By the end of this milestone, you should be able to:

  • Specify and estimate a linear regression model using statsmodels.
  • Interpret regression coefficients in relation to your hypothesis.
  • Export regression tables and visualisations into a research paper.

🧠 Tips for Success

  • Use the formula API. Specify models using DV ~ IV + CV_1 + CV_2 syntax.
  • Interpret with context. Focus on what the coefficients mean for your hypothesis, not just statistical significance.
  • Compare across models. Notice how coefficients change as you add controls.

🧩 The Milestone

Building on Milestone 4's exploratory analysis, you will now test your hypotheses using simple regression models. This milestone emphasizes moving from visualization to statistical inference.

You need to:

  • Use your previous Milestone 4 (.typst file and .ipynb) as a starting point, incorporating any feedback received.

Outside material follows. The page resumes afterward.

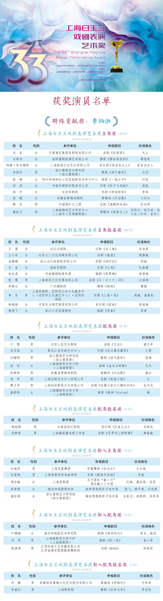 在第33届白玉兰戏剧奖的各奖项角逐中,刘京、关美利、玛雅·哈克福特、李烜宇、张琳、郑岚、侯宇、袁媛、靳东、潘前卫(按姓氏笔画排序)获主角奖,于震、田玉丽、刘福明、赵悦、赵章伟、贺坪、曹卫宇、盛舒扬(按姓氏笔画排序)获配角奖。许靖昆、阮登越、周亦敏、徐梦雪、楼依婷(按姓氏笔画排序)获新人主角奖,叶媛媛、冯军、陈津伟(按姓氏笔画排序)获新人配角奖。
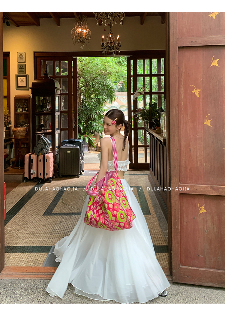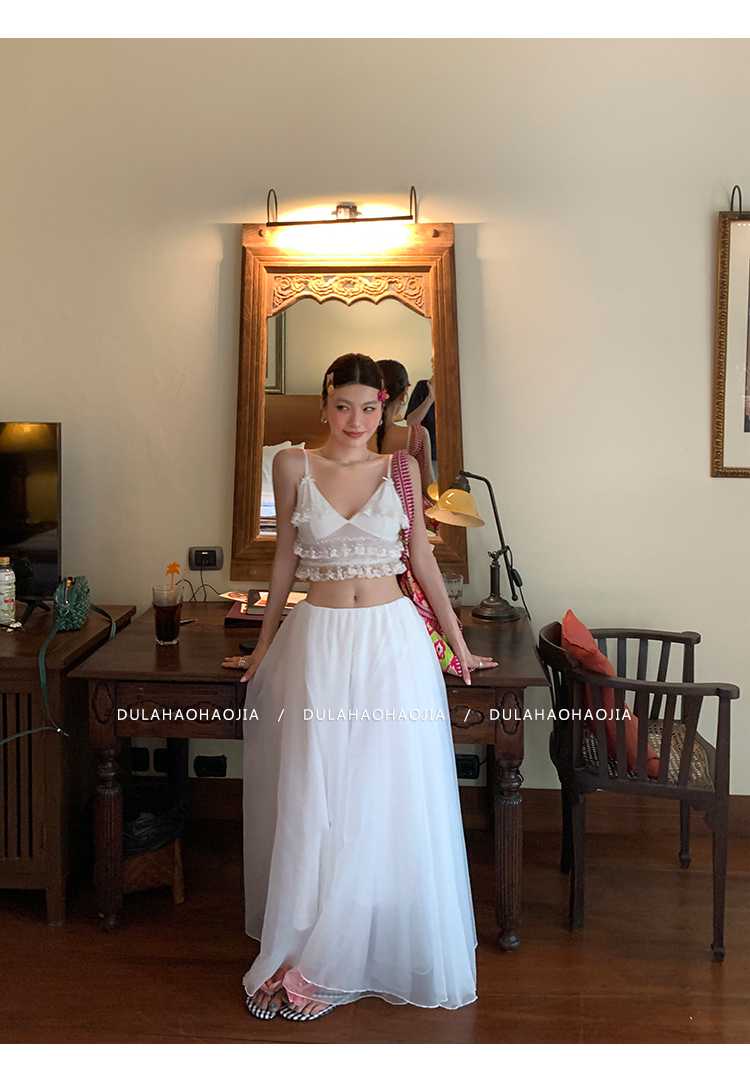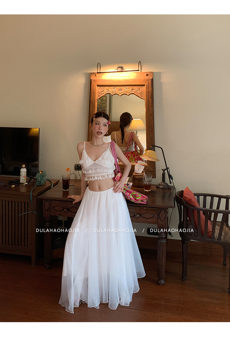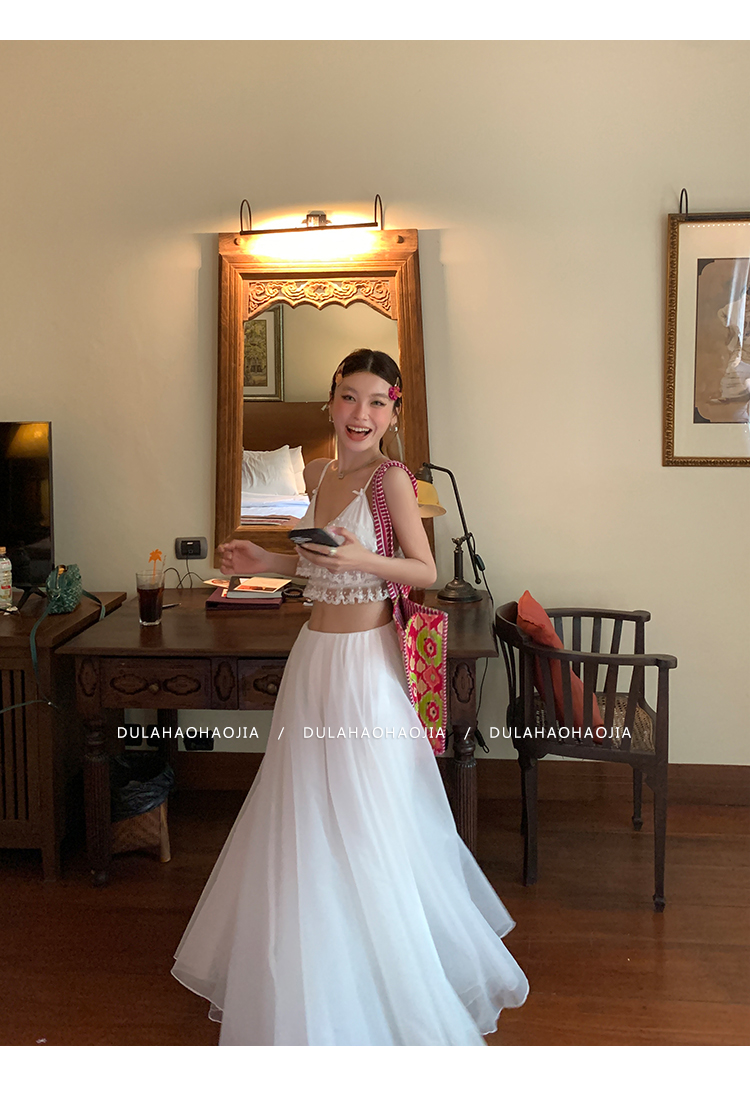 DULA Vacation Sensual Lace Strap + Fairy Chiffon Long Skirt

  • Apply linear regression techniques learned in recent in :

  • Estimate a sequence of nested regression models to test your hypothesis.
  • Export your regression table using the make_table() function from mmisc.
  • Interpret your results in relation to your theoretical expectations.

What is expected from a manuscript perspective

Your Milestone 5 typst file is an updated Milestone 4 typst file that:

  • Does not exceed 4000 words (excluding references/bibliography).
  • Integrates a regression table: Use make_table() to create your regression summary table.
  • Includes a results section:
    • Assesses coefficient stability: Note how IV coefficients and the R-squared values changes across models.
    • Connects results to hypothesis: Explain what the coefficients reveal about your theoretical expectations (SSS).
    • Discusses limitations: Acknowledge potential model limitation and potential threats to causal inference (e.g., omitted variable bias, reciprocal causation, ...)
    • Revisit your DAG (optional): If you created a DAG for Milestone 2, you can use it to help you reflect on how your thinking has evolved. No need to create a new DAG unless you want to.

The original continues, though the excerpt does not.